Reproduce everything from the line that contains "The giveaway is" down to the line that contains "Prof. Dr. Karl" in the listing below, word for word and nothing more. Leave the pictures out.

**Dataset records**
◇ ◇ ◇ ◇ ◇ ◇ ◇
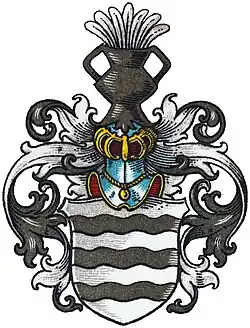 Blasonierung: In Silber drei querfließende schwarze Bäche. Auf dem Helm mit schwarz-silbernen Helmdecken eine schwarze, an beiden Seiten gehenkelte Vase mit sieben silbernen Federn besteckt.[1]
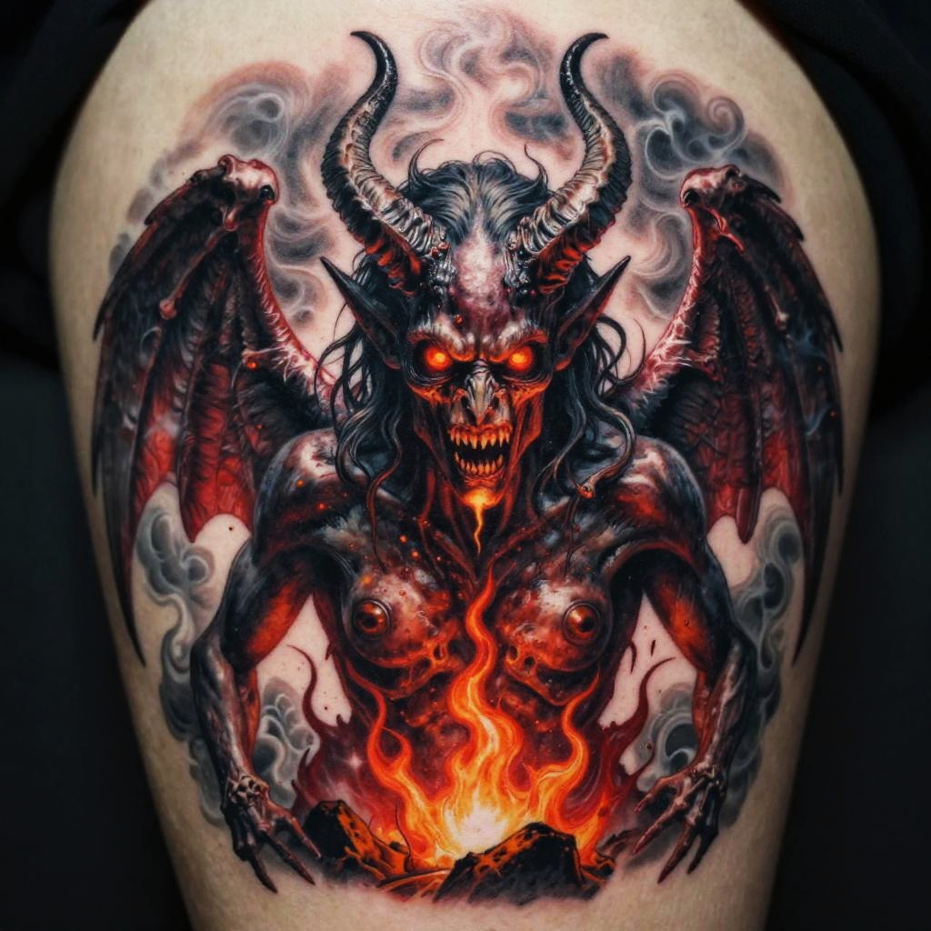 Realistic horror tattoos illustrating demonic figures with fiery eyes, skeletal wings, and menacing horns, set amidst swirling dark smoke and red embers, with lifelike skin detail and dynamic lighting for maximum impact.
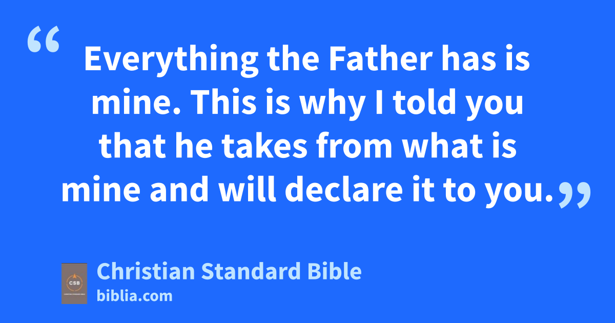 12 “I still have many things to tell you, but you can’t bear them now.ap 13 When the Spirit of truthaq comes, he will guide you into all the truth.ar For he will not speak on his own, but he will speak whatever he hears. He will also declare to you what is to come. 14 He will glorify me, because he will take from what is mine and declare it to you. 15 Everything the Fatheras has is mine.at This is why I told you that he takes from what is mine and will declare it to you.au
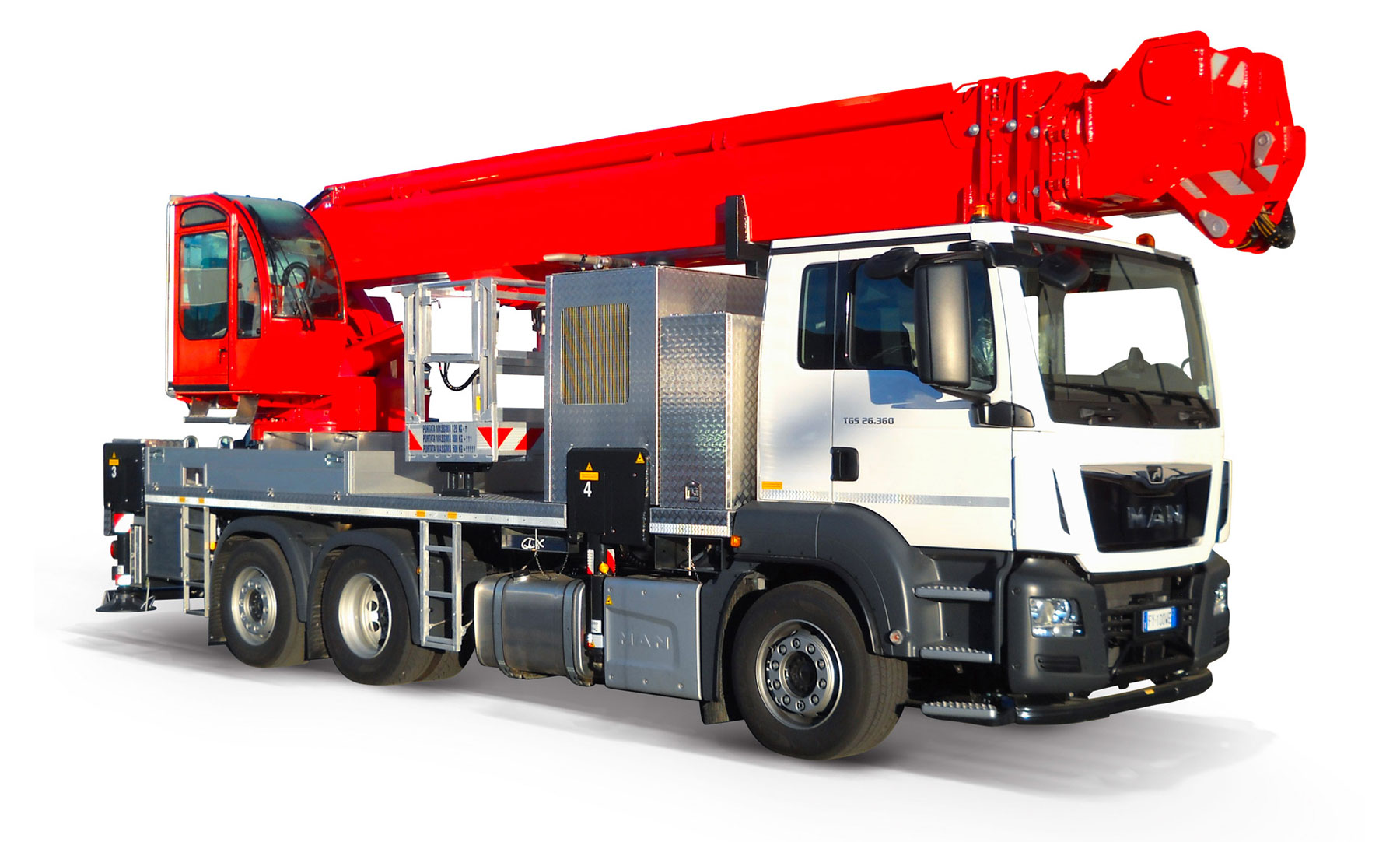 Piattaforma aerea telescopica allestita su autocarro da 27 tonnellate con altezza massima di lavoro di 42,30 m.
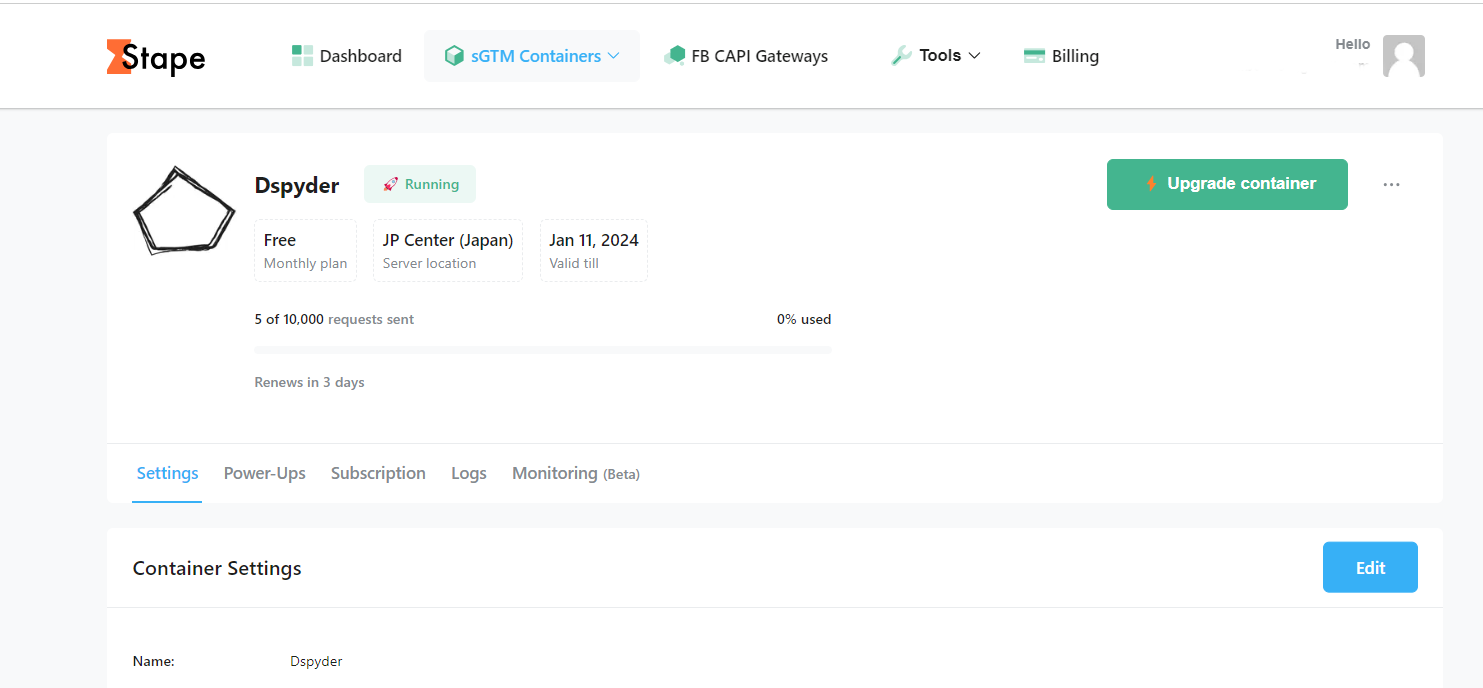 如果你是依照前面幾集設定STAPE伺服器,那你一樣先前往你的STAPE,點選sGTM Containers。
◇ ◇ ◇ ◇ ◇ ◇ ◇
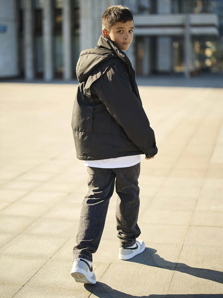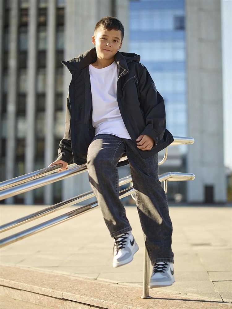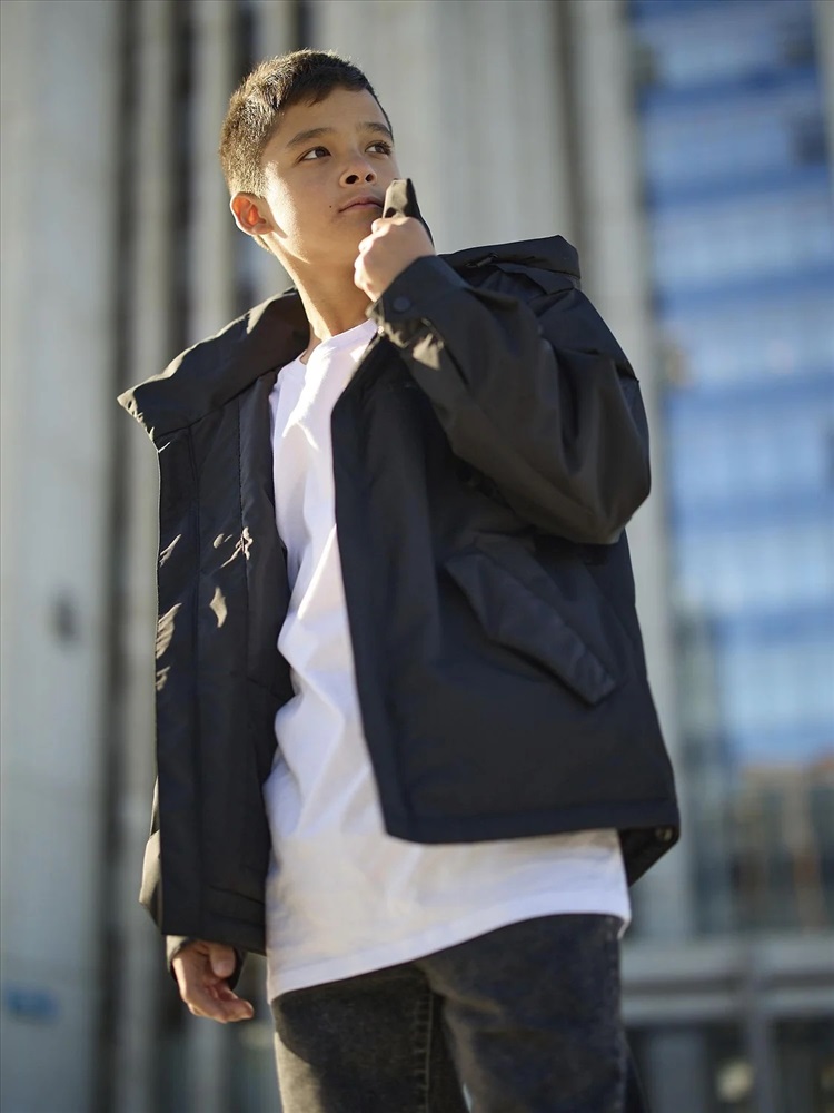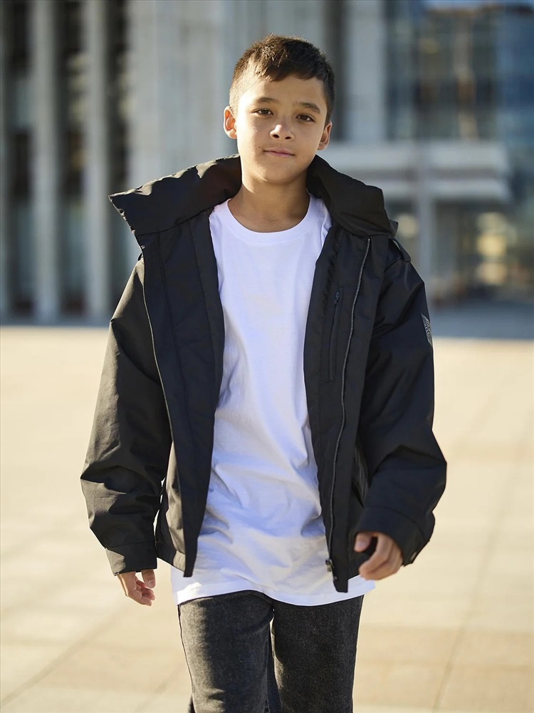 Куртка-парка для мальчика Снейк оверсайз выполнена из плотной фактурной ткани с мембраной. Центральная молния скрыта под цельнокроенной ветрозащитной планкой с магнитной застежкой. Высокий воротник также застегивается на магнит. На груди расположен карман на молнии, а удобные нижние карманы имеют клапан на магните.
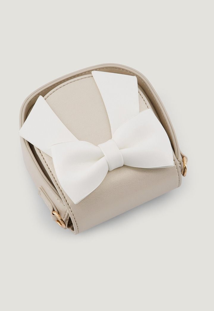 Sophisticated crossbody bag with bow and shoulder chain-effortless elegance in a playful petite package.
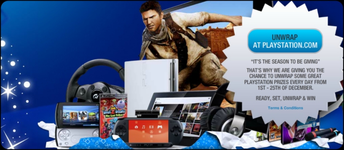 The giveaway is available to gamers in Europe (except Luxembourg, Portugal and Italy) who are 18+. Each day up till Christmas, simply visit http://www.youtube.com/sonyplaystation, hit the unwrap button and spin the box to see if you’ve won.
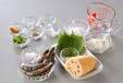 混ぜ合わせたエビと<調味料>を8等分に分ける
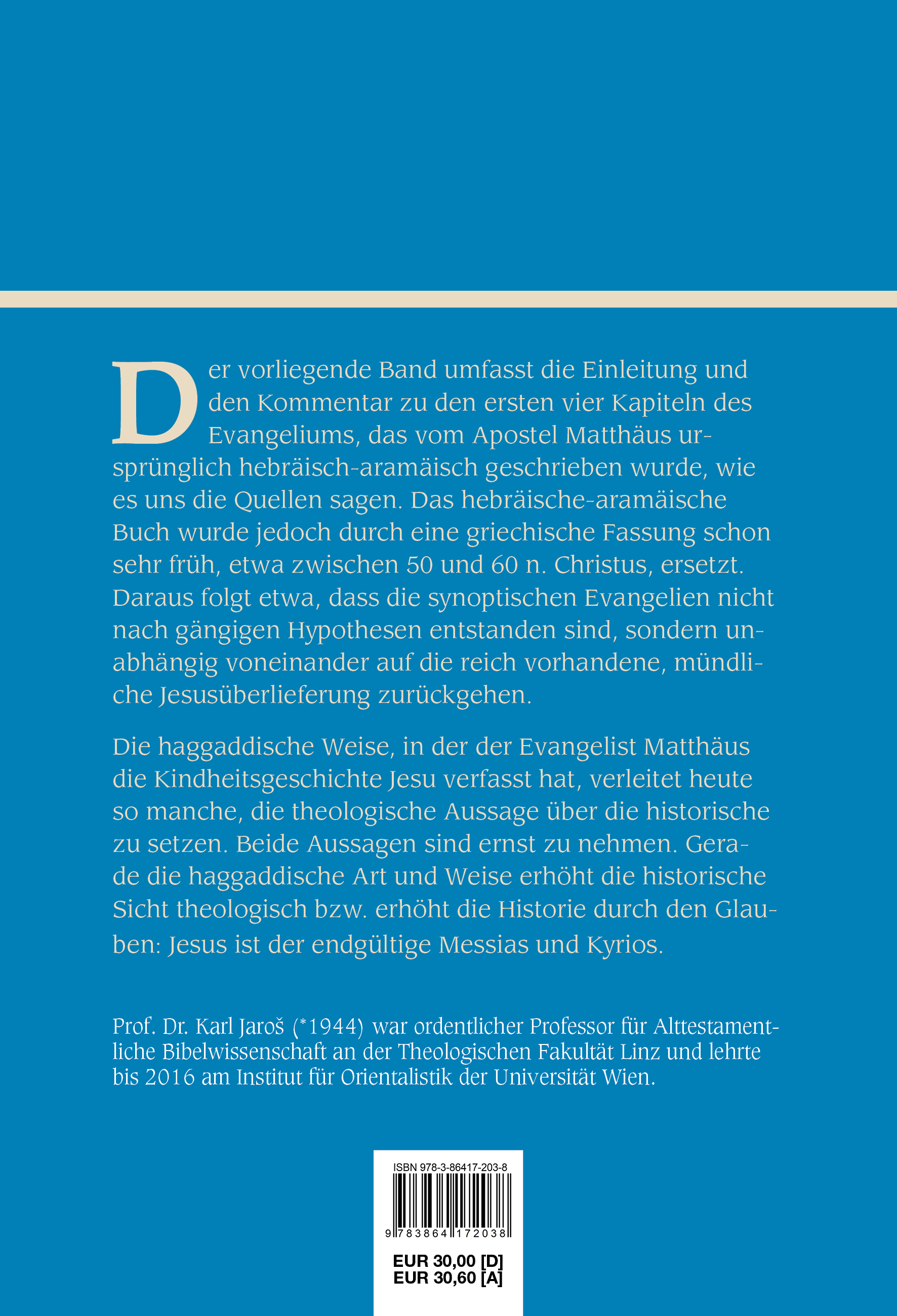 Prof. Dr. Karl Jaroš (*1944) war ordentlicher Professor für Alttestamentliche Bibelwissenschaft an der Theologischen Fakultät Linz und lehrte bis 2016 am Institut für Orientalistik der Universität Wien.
◇ ◇ ◇ ◇ ◇ ◇ ◇
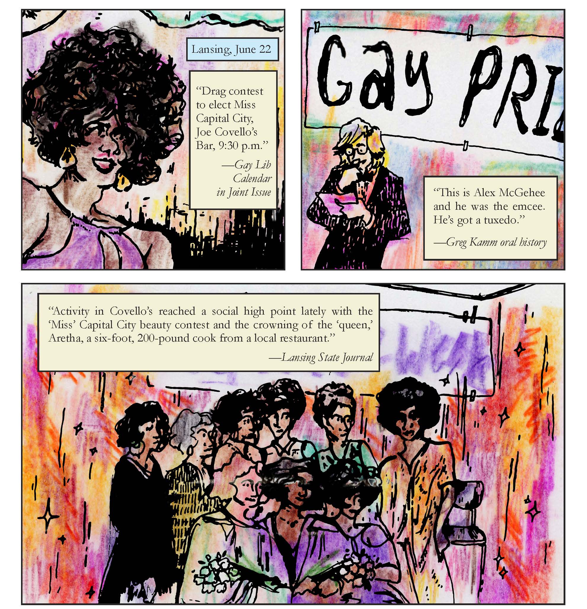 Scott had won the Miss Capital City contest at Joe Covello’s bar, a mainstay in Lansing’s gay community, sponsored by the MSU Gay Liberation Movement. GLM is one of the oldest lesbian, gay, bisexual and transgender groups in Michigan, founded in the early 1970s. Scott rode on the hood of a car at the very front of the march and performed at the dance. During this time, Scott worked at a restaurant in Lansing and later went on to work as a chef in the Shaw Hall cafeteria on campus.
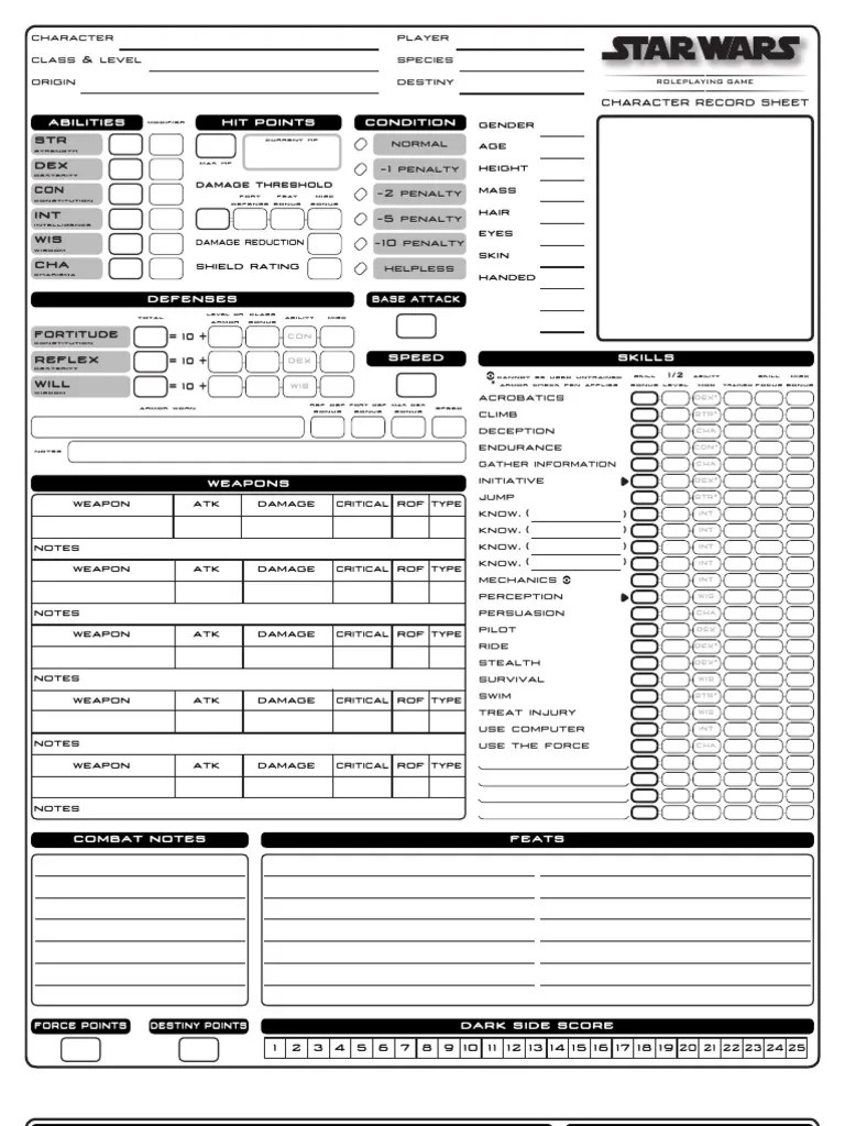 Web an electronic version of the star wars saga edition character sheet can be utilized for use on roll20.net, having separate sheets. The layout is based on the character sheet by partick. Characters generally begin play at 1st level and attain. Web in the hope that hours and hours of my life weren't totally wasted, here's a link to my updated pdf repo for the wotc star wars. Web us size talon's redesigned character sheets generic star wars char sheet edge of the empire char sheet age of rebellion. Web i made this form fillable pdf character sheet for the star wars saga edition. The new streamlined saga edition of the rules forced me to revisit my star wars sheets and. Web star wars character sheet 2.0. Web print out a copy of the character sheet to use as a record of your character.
◇ ◇ ◇ ◇ ◇ ◇ ◇
**Result for this exercise**
 The giveaway is available to gamers in Europe (except Luxembourg, Portugal and Italy) who are 18+. Each day up till Christmas, simply visit http://www.youtube.com/sonyplaystation, hit the unwrap button and spin the box to see if you’ve won.
 混ぜ合わせたエビと<調味料>を8等分に分ける
 Prof. Dr. Karl Jaroš (*1944) war ordentlicher Professor für Alttestamentliche Bibelwissenschaft an der Theologischen Fakultät Linz und lehrte bis 2016 am Institut für Orientalistik der Universität Wien.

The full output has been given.